The new differentiated approach to setting payment percentages for newer medicines and older medicines will encourage innovation and efficient competition, by charging higher payment percentages on uncompetitive older medicines and lower payment percentages on older competitive medicines and newer medicines. This will make medicines more affordable for the NHS as well as encouraging investment in the latest effective medicines and therefore improve patient access to medicines.
In contrast, if DHSC were to proceed with the ‘do nothing’ option of maintaining one approach to setting payment percentages, the voluntary and statutory schemes would diverge, creating very different economic circumstances for companies in the life sciences sector to operate in. This would create a more unpredictable environment for business to operate in and it could destabilise VPAG such that neither industry nor government benefits within that scheme.
While the proposals mean that DHSC will receive lower statutory scheme payments than currently set out in the regulations, such short-term impact must be considered against the long-term stability of the mechanisms by which we control costs, and the impact of such mechanisms on the market of medicines. Protecting the stability of the system means that we will continue to receive payments that will be apportioned to the NHS across the UK and will be used in the best interest of patients.
We therefore consider that the proposed changes advance the Secretary of State’s duty to promote a comprehensive health service and support the relationship between the Secretary of State and industry, ensuring that the statutory scheme has the confidence of all parties involved.
To act with a view to securing continuous improvement in the quality of services (section 1A of the NHS Act 2006)
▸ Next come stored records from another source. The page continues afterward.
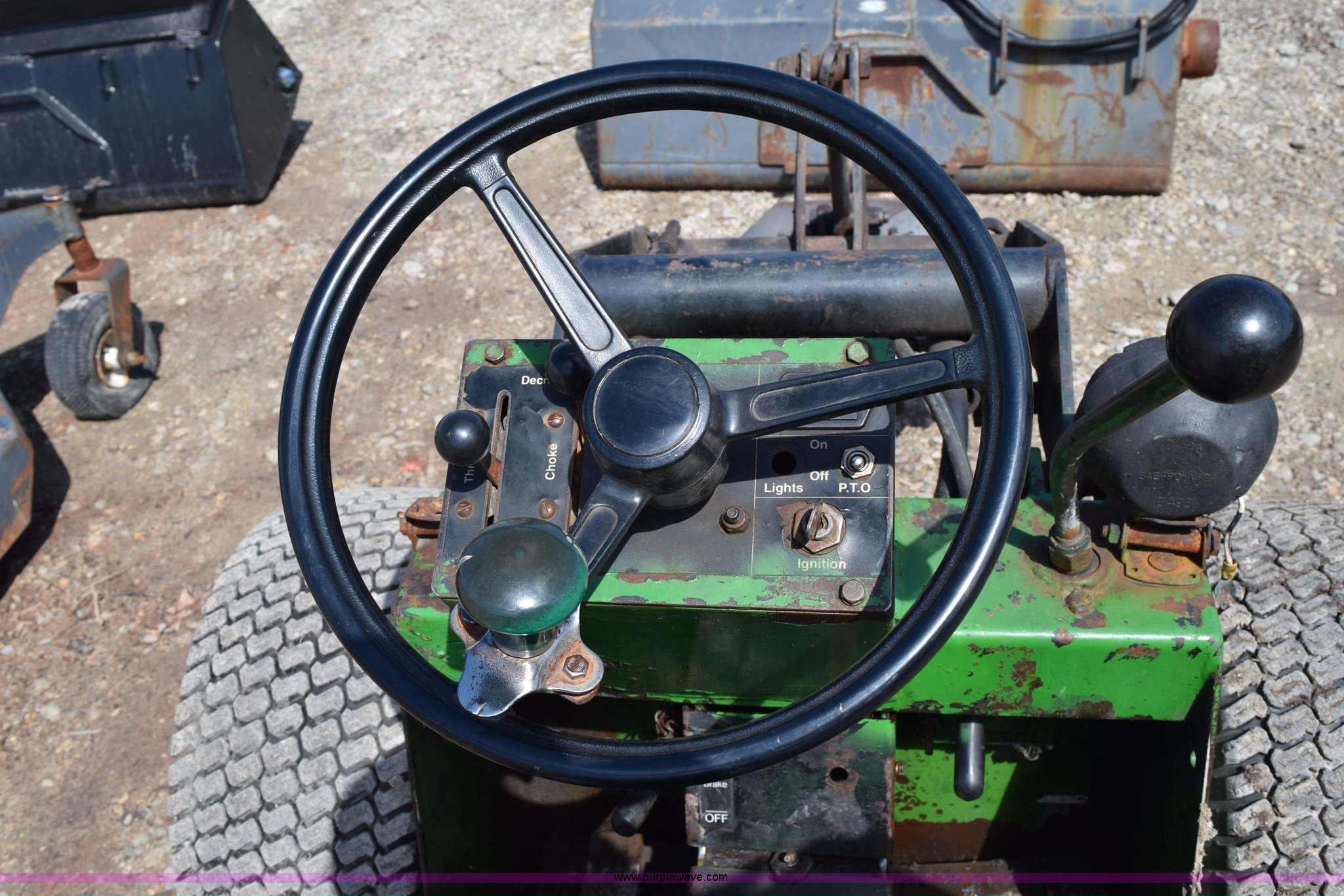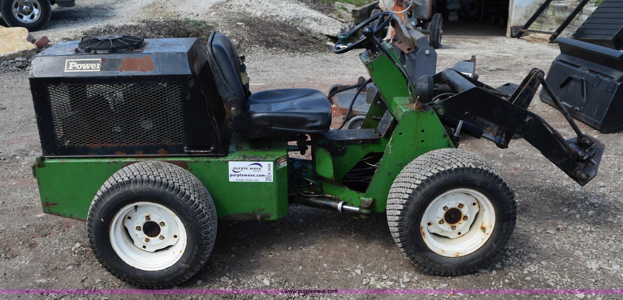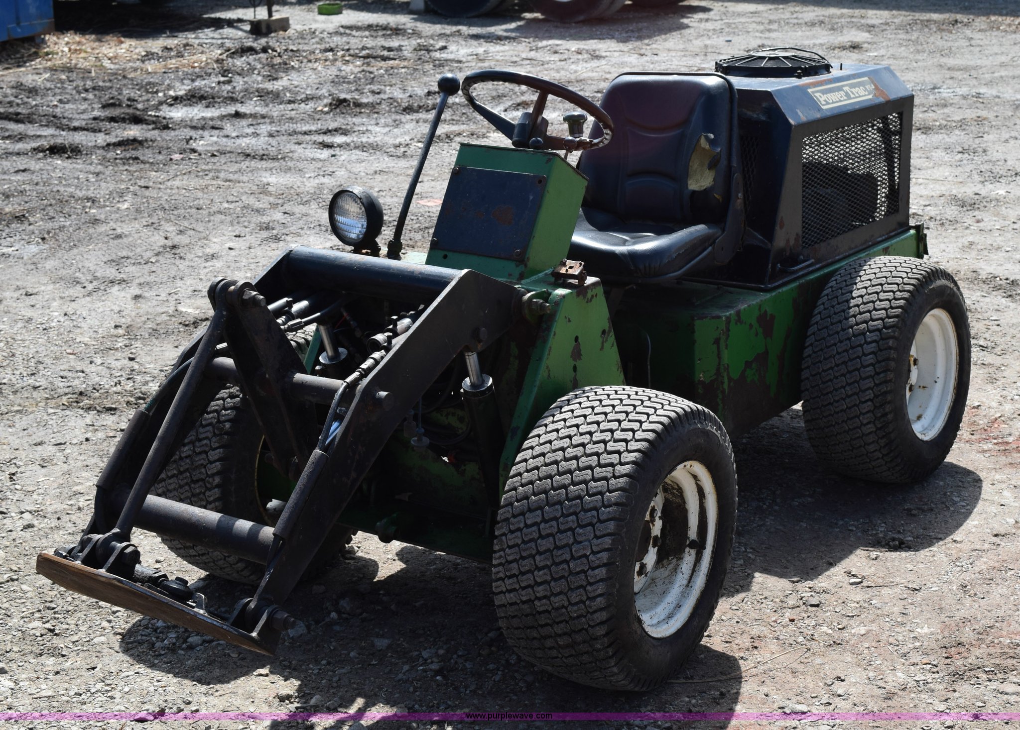 Purple Wave is selling a used Tractor in Kansas. This item is a Power Trac PT-425 utility tractor with the following: 610 hours on meter, Kohler single cylinder gas engine, Serial 12716, 23 x 10.50-12 tires, 4'W tiller, 4'W aerator, 5'W blade, 4'W bucket, 3'L trencher, 48"W rotary mower
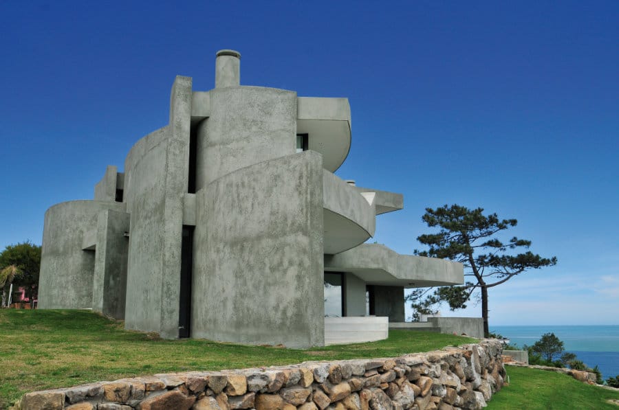El proyecto de esta casa suponía un gran desafío. El terreno, ubicado en la ladera de la bahía de la Solana del Mar, Punta Ballena, linda con la ruta 10. La topografía es caprichosa y en este solar ofrecía dificultades de todo tipo, pendientes inexplicables, accesos singulares. Pero la vista y el profundo conocimiento del lugar y el paisaje del lugar permitieron que el Arquitecto Samuel Flores Flores lograra no solo el mejor partido posible, sino además una suerte de “opus” en su larga obra de arquitectura orgánica. En esta casa se resumen todos los conceptos e ideas que sobre la casa el reconocido profesional ha venido desplegando a lo largo de los últimos veinte años. La escala humana del edificio, la poesía de sus formas que exhibe la total ausencia de líneas rectas, señala a esta casa como a uno de los mayores exponente de la Arquitectura Orgánica en la región. La formalización señala hacia un concepto que la aleja de las construcciones convencionales y estereotipadas. La armonía espacial se logra con el equilibrio de las partes, que conforman el todo y no con la repetición simétrica de las mismas. Al mismo tiempo se agrega la línea curva en la proyección. La espacialidad atrapada es dinámica y energizante y el resultado bastante se asemeja a una escultura de gran porte. A una escultura habitable.
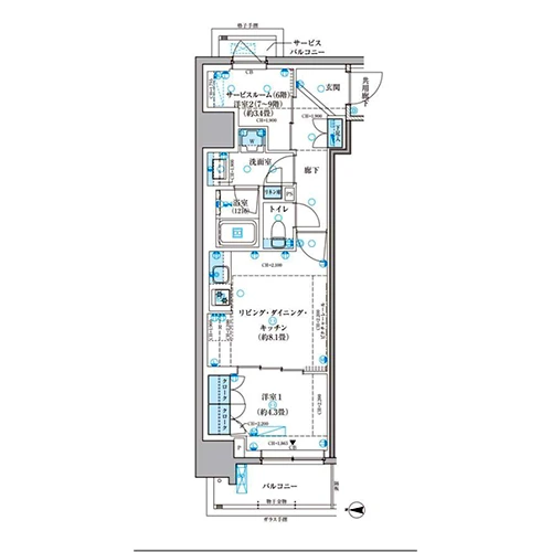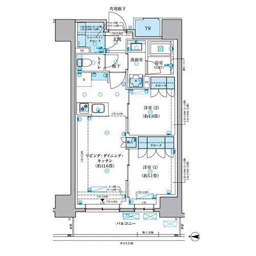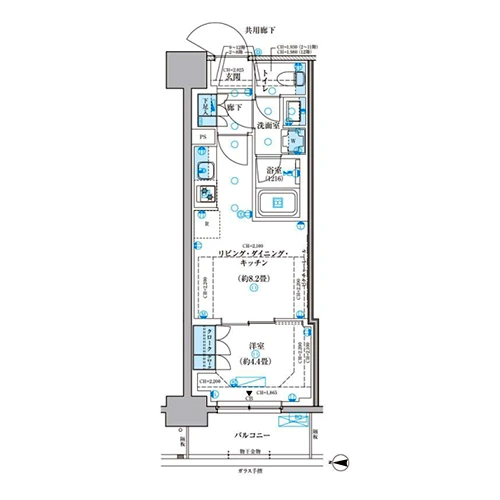 1LDK(41戸)、2LDK(34戸)、3LDK(2戸)
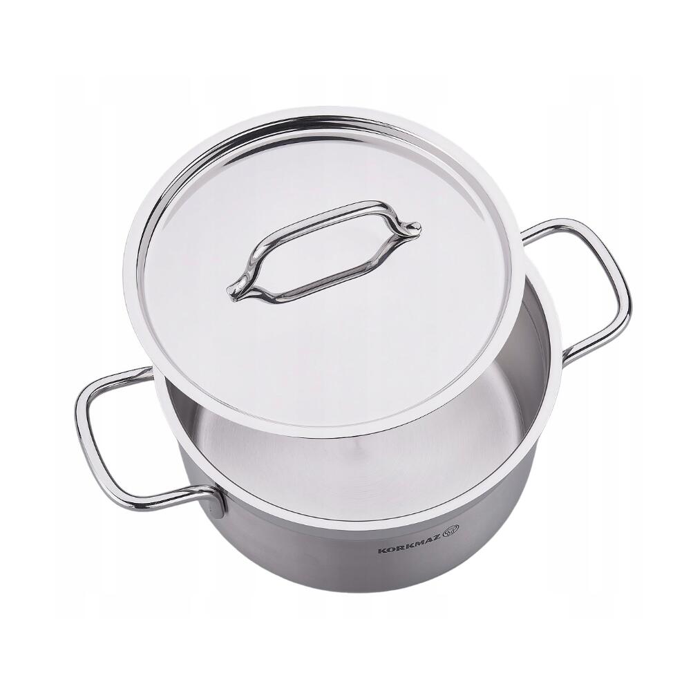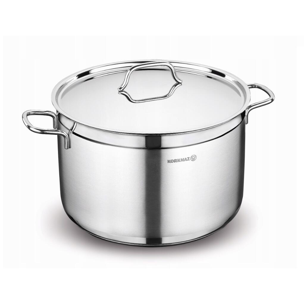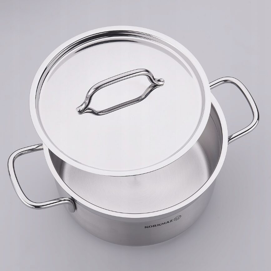 Oala cu capac din inox, 28X14cm 8.5litri, compatibila cu toate tipurile de aragaz, Korkmaz
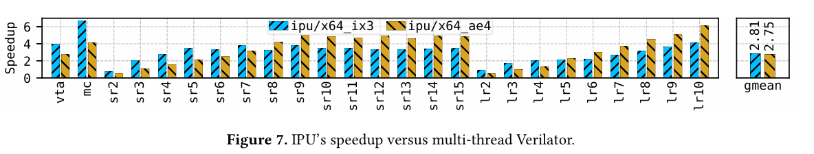 The Graphcore IPU used in this paper is a chip with 1472 cores, operating with a MIMD architecture. A 1U server can contain 4 IPUs. It is interesting to see a chip that was designed for DNN workloads adapted to the domain of RTL simulation.
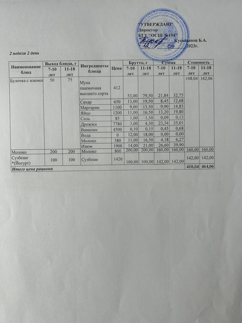 12 сентябрь 2023 0 1 2 3 4 5 Бастауыш сынып оқушыларына және аз қамтылған отбасылардын шыққан оқушыларға арналған буфеттік меню 12.09.2023
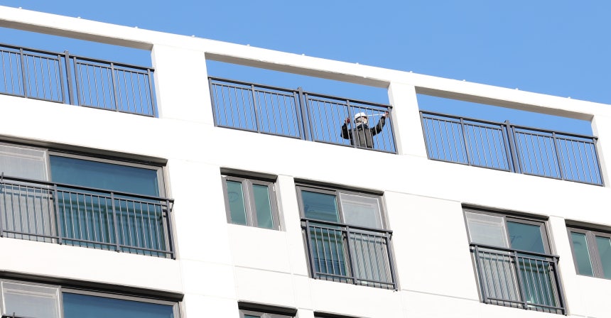 지난해 1월 15일 경기 김포의 한 아파트 옥상에서 한 작업자가 측량을 하고 있다. /뉴스1

The Secretary of State is required to exercise their NHS functions with a view to securing continuous improvement in the quality of services provided to individuals.
Our proposals will ensure the statutory scheme remains a viable alternative to VPAG by making the 2 schemes broadly commercially equivalent. This will help to ensure sales growth continues to be controlled, allowing the NHS to budget effectively and make decisions in the best interest of patients about the provision of services, including ensuring a quality service. Additionally, a differentiated approach to setting payment percentages which promote innovations and efficient competition will facilitate improvements in patient access to the latest cost-effective medicines.
In discharging this duty, the Secretary of State must have regard to the National Institute for Health and Care Excellence (NICE) quality standards which define quality and quality improvement for particular kinds of care and treatment. As set out above, a decision to maintain broad commercial equivalence with VPAG helps to ensure the effective operation of the schemes and ensures NHS costs are controlled, supporting the Secretary of State to meet duties in securing continuous improvement in quality of services.
To have regard to the NHS Constitution (section 1B of the NHS Act 2006)
Regard must be given to the values, principles, pledges and rights in the NHS Constitution.
The NHS Constitution has been taken into account when developing the proposals in this consultation. In particular, this has included considering the following principles:
- principle 1: the NHS provides a comprehensive health service available to all
- principle 4: the patient will be at the heart of everything the NHS does
- principle 6: the NHS is committed to providing the best value for taxpayers’ money
We have also considered these proposals in the context of the constitution’s pledges to, and the rights of, NHS patients. In particular, this has included consideration of the rights in relation to nationally approved treatments, drugs and programmes, which set out patients’ rights to drugs and treatments that have been recommended by NICE for use in the NHS, where the patient’s doctor says they are clinically appropriate.
As set out above, our proposals to bring the statutory scheme into broad commercial equivalence with VPAG help to ensure the effective operation of the statutory scheme. This will benefit the NHS and industry and will mean that appropriate payments are made to the health service. This in turn will support the NHS to provide a more comprehensive health service by allowing the NHS to continue to invest in pharmaceutical and non-pharmaceutical services. It will also ensure access to medicines recommended by NICE as clinically effective and cost-effective for patients and therefore value for money to the NHS and taxpayers.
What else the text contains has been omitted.